Predator Free 2050 Limited has announced new investments in predator free projects around the country.

Existing projects in Taranaki, Waiheke and Dunedin, a new project in Te Urewera, and a feasibility study on Aotea Great Barrier Island will benefit from funding through the Jobs for Nature (Mahi mō te Taiao) programme.

"We’re excited to support communities and iwi wanting to protect biodiversity and build skills and careers in conservation," says Predator Free 2050 Limited Chief Executive Abbie Reynolds.

The Tūhoe-led Te Urewera project, to remove predators from islands and peninsulas around Lake Waikaremoana, will receive a $1.65m funding contribution to ally Tūhoe investment in this area and support the development of 10 permanent jobs.

The community-based Te Korowai o Waiheke Project will receive $700,000 to accelerate the first stage of a rat eradication programme - the pilot. Seven new jobs in technical support and community liaison roles are being recruited.

Six jobs have been created to accelerate the Towards Predator-Free Taranaki Project led by Taranaki Regional Council. Work in the Kaitake zero possum zone and in urban and rural areas will benefit from $750,000 in new funding.

Predator Free Dunedin, a conservation collective of 22 organisations, will receive $150,000 to begin fundraising, communications and planning for an extension of its zero-possum area and to pilot stoat eradication on the Otago Peninsula.

Tū Mai Toanga, a collaborative project on Aotea Great Barrier Island, receives funding for four roles to assist with initial feasibility work on options for rat and feral cat removal. Predator Free 2050 Limited joins Auckland Council as a funder of Tū Mai Taonga, which was initiated by the Aotea Conservation Park Advisory Committee, with support from the Department of Conservation, sanctuaries and conservation groups. Predator Free 2050 Limited will provide up to $3m in co-funding over four years to create additional jobs, subject to the feasibility study identifying a well-supported and viable pathway for predator removal.
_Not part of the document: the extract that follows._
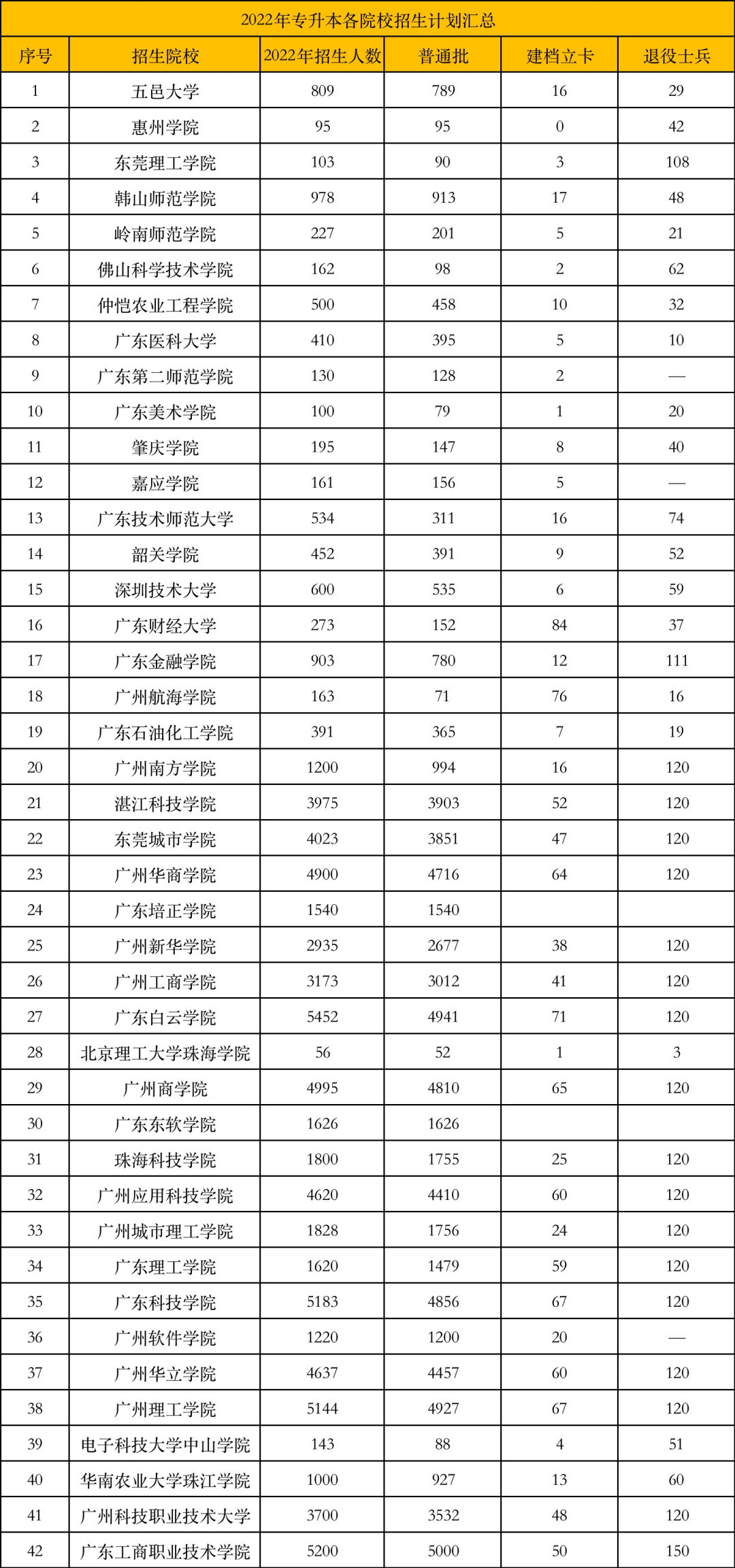 而2022年广东省专升本招生计划又如何呢?如下图:

"These projects are about enabling iwi and communities to protect and bring back native wildlife to where they live and work. We are seeing the return of species like robins and kākā when predators are removed and have the prospect of returning kiwi to places where they have been missing for generations. These Jobs for Nature investments are also designed to create lasting cultural, social and economic benefits," says Abbie Reynolds.